The drug is cheap — it costs only 30 rand, or about $3, for a hit. The drug contains a dangerous cocktail of chemicals, purportedly including marijuana, heroin, rat poison and antiretrovirals, drugs used to treat HIV.

Jacob Zuma, the President of South Africa, ominously calls users of the drug “slaves,” and blames the drug for increased crime and domestic violence in the area. Of the numerous case studies illustrating the pernicious effects of nyaope, one poignant study tracks a 17-year old South African named Sipho.

One year after beginning to smoke nyaope, a habit influenced by his friends, Sipho had dropped out of school and begun to act violently in hopes of perpetuating his access to the drug. To finance the addiction he would steal from his already poor neighbors. Sipho is now being treated at Horizon Clinic, one of the many rehabilitation centers working to stifle drug abuse and its effects.

Instead of stealing the funds to finance their drug use, many addicts cut out the middlemen and steal the ingredients. But because nyaope is an assortment of ingredients, many of which are controversial, the actual contents are often disputed. For example, many believe that antiretrovirals are not used at all, or if they are, they have no more than a placebo effect.

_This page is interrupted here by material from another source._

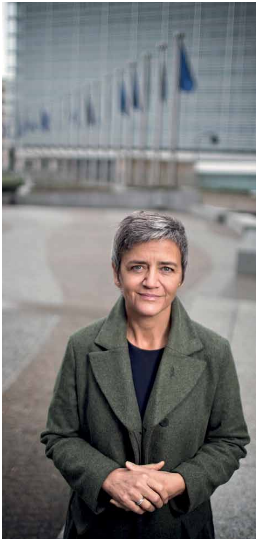
I Bruxelles har Radikale Venstres tidligere leder Margrethe Vestager både arbejdsmæssigt og privat taget hul på et nyt kapitel i sit liv.

mere på eksisterende lovgivning i stedet for nødvendigvis at give sig i kast med ny lovgivning:

According to HarmonyGroup, an online addictions clinic, “Smoking or injecting crushed antiretrovirals won’t make you high. The reputation of the drug could therefore be nothing more than a myth based on distortion by the media and the incorrect data supplied by users who don’t know any better.”

Thus, the risks these addicts are taking to find these supposed ingredients, may in fact be complete wastes of time with potentially colossal consequences.

The crime caused by this drug is prolonging and deepening poverty in South Africa — it raises generations of thieves and addicts while leaving reconstruction to others, often outsiders. If the grasp of poverty is to be weakened, South Africans must first divert their own attention to the widespread, recreational and pernicious drug abuse.